A day's rest in Edmonton restored our spirits a little and we headed off to the next pickup in sprightlier mood. Cold Lake was the destination, apparently aptly named although I didn't actually try out the lake itself. It is about as far north as you can get in Alberta, before the roads give up bothering. The only thing in Cold Lake is an air force base, which is where we were due to collect something, from someone. The shipping address consisted of a mere three letters, CFB, which we only knew to be some sort of military establishment because we happened to be chinwagging over a cup of coffee with a helpful and friendly Challenger team in Edmonton when the assignment came in.
We sent a satellite message to despatch, asking for a bit of help with finding our load. We assumed that the base would be easy enough to locate, but that there might be some sort of protocol attached to getting in and that it might include such security issues as knowing where you were supposed to be collecting what. Driving a truck aimlessly about an airbase with no specific destination in mind seemed as though it might be behaviour designed to spark suspicion.

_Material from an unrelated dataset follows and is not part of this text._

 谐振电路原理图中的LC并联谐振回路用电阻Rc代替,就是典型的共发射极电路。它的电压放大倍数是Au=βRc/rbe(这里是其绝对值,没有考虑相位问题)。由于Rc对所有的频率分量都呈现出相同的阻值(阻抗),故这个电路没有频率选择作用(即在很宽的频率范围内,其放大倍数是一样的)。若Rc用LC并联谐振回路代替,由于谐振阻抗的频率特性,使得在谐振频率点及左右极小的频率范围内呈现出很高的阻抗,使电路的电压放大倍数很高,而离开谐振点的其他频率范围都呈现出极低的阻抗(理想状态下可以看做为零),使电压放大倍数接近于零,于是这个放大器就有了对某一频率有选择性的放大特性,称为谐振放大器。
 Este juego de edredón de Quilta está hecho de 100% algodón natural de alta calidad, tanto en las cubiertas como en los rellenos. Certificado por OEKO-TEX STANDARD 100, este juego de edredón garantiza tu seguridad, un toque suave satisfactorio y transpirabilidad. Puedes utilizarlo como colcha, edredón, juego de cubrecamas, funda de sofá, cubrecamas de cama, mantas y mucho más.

Despatch were still mulling over the whole problem when we arrived. Quite why they couldn't just call the person who made the booking in the first place is a bit beyond me, but then I am just the grunt these days. We followed some remarkably pretty signs to the base and spotted a guardhouse and barrier in the distance. "We'll just have to ask there, presumably they can call someone if we're not allowed in." Please bear in mind that this is a team of two Brits problem-solving their way around a remarkably alien culture...the guard house was empty, the barrier up and a green light invited us in. I had a moment to wonder what might have happened if our truck had been full of fertilizer, but then I have clearly spent too much time being bombed by the IRA and this is Canada. Even the armed forces are friendly.

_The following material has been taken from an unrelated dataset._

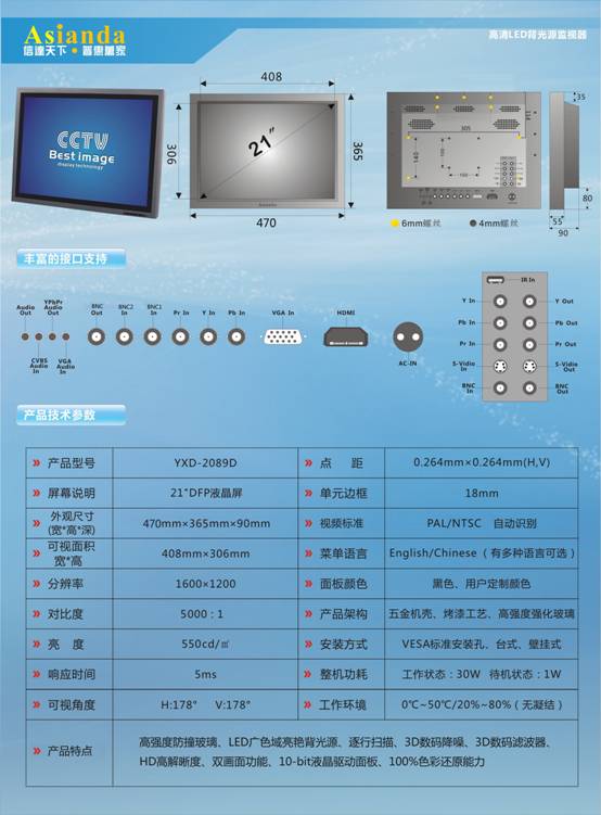 全球首臺(tái)LED背光源監(jiān)視器YXD-2089D系列同樣備受矚目,全新的LED背光源液晶監(jiān)視器配備了目前最高端HDMI接口,支持1080p逐行掃描,解決圖像閃爍的問題。動(dòng)態(tài)對比技術(shù)3D圖像處理,Qisk Mage魔術(shù)手軟件,保證了圖像的細(xì)膩平滑而不失真。超窄邊框設(shè)計(jì),滿足客戶不同工作環(huán)境的需求。為倡導(dǎo)此次夏季青年奧林匹克運(yùn)動(dòng)會(huì)的低碳環(huán)保概念,此款產(chǎn)品更在其環(huán)保低碳上下足了功夫,待機(jī)功耗≦1W,壽命超過了50000小時(shí),在節(jié)約能源的同時(shí)更加符合節(jié)能環(huán)保的時(shí)代潮流。
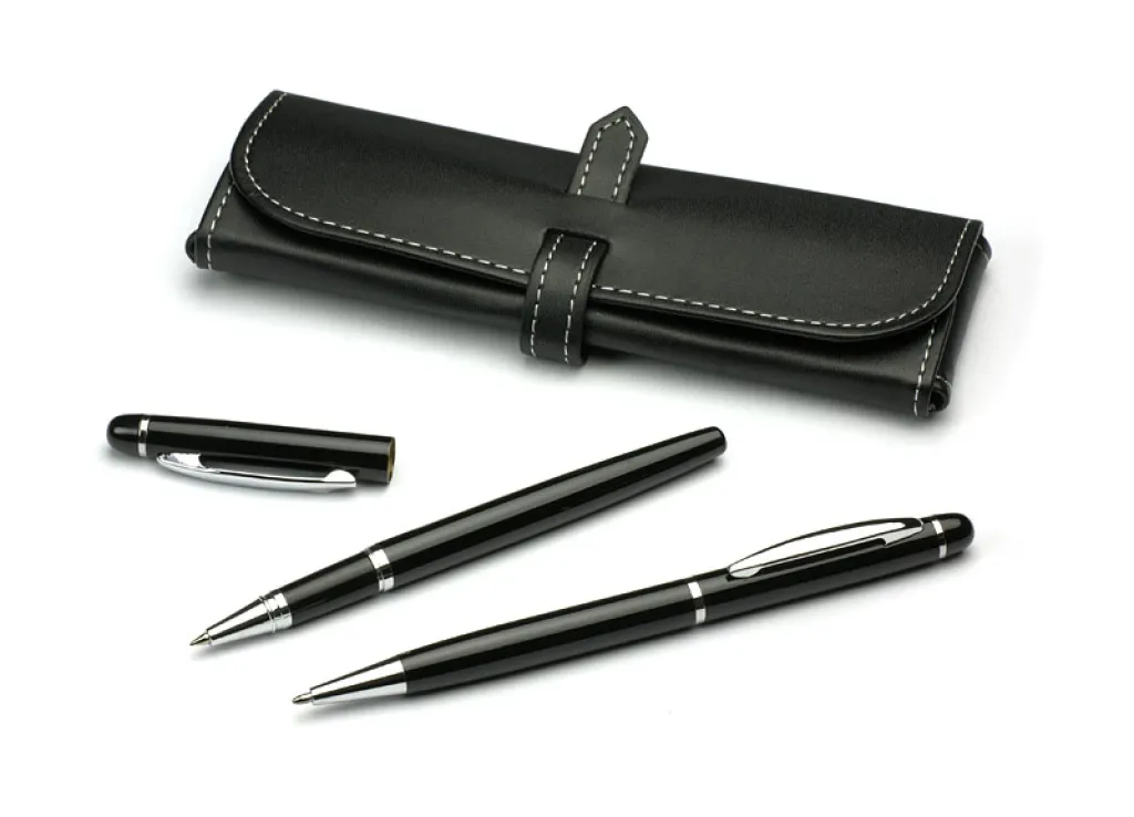Elegant pen set packed in a case of eco-leather. The set includes a ball pen and a rollerball pen. Logo might be engraved on the surface of stationery or on the case.

One thing that would appear to be the same the world over is that military bases are reminiscent of small towns. Where does one park a bloody great truck in order to ask directions? We plumped for sticking to big roads while heading for the nearest available manned barrier that actually blocked the way to somewhere. A few tight corners later and we approached just such a thing. I considered pulling right up to the guardhouse but could see that there wasn't a window at truck height and decided to stop a few yards shy of it, just in case of misunderstandings of a security nature. The girl in the hut spent several minutes piling on layers of winter clothing before ambling inquisitively down to us to see what we wanted. "I'm awfully sorry, didn't want to come right up to you in case we're not allowed through there but we have to collect a consignment from the base and don't know where to go." It sounded a bit lame.
Apparently where we had to go was back the way we had come, and up a little street to the Military Police building, for identification purposes. A small queue of jeeps and things was forming behind us. "Um, could we come in and turn around?" "There's nowhere to turn, unless you can use the intersection here..." There was a small crossroads just beyond the gatehouse. "I can stop the traffic for you if you like."

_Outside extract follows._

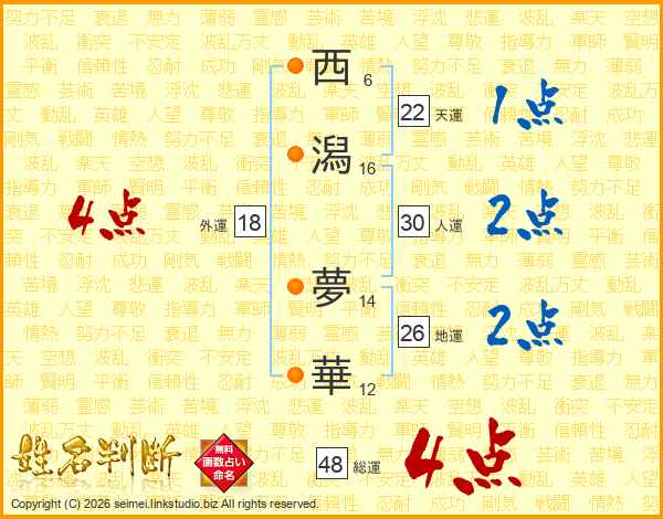 西潟夢華さんの総運は48画の4点!
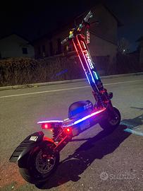 Monopattino elettrico potentissimo 7000w e 38ah velocita massima 100km/h e piu autonomia 100km e piu in base alla modalita scelta si puo mettere solo motore dietro solo motore davanti oppure entrambi per ogni motore ce le sue mappe dedicate ha i freni da moto potentisimi per maggiore sicurezza ha la pedana molto largha per maggiore sicurezza e comodita lo schermo e di ultima generazione a oled con accensione a chiave nfc che basta che appoggi sopra oppure con posword laccelleratore e a grilletto per maggiore sicurezza e comodita con comandi sopra le ruote sono molto grandi e larghe per maggiore sicurezza e stabilita ha doppio ammortizzatore sia allanteriore che al posteriore ha i led che si accendono su tutto il monopattino con un semplice tasto due fari daventi che si puo benissimo usare anche di sera perche sono tutti e sue molto potenti il monopattino volendo si puo bloccare a 25km/h che sarebbe la velocita legale con un semplice tasto il monopattino e nuovo lo vendo per initilizzo il prezzo e trattabile per qualsiasi cosa scrvetemi .

Neil and I considered the space. It was tight, but possible. Snowbanks on all corners made the feat a little extra exciting but we had no choice. Will a full audience of uniformed types, I executed a perfect U-turn and grinned my way off to be identified. Of course, now we know where it is, the MP building was the obvious destination, it had truck parking and everything. They found our shipper and engaged an escort to take us into the relevant restricted area. He arrived in the form of a very red-faced squaddie who addressed himself entirely to Neil while explaining where we would be driving to. Neil smiled politely, met my eye and said nothing. Red-faced squaddie escorted us outside and managed to not look too confused when we headed for the wrong sides of our vehicle and it became apparent that I was the driver today.
He led us through barriers and along lanes, and finally through an apparently pointless concrete chicane, to a large shed. "We need you to back up to that door there, sorry it's a bit tight." Tight isn't the word, it was a blind-side reverse with snowbanks on all sides and a helpfully parked jeep in the way. My heart sank. There was me, determined to prove that women did this stuff and the worst of all possible manoeuvres to attempt. Neil got it. He jumped out to guide me back, told the assembled chaps in no uncertain terms just how difficult this would be and muttered, "Just do as I tell you, it'll be fine." And after a fashion, it was. Yay, put that in your pipe and smoke it squaddie-who-only-talks-to-men.
It took a couple of hours serious snoozing for the assembled company to hand-load the trailer full of boxes of stuff and then we were ready to be escorted off the premises. I was a little cocky by then. I was going to show the Canadian Air Force just what women could do. It is therefore possible that I took the pointless concrete chicane just maybe half a kilometre per hour faster.than before. And it was a tad tight anyway, barely enough space to swing the tractor around to avoid the next lump of concrete as the trailer wheels swivelled around the one you'd left behind. Anyway, there's no getting away from the awful truth, we felt this 'orrible lurch as the front wheel dropped off the road, through a snowdrift into a ditch.
The first thing that went through my head was 'ah, this will be fun to write about'. The second was 'ohnoohnoohnoohno not here, please...' and I can now report the amazing scientific finding that embarrassment can overcome physics. A spot of reverse, a smidge of forward, a bit more thisaway and some jiggerypokery over there and we were out of the ditch, through the chicane and off the base. Women drivers though. Useless.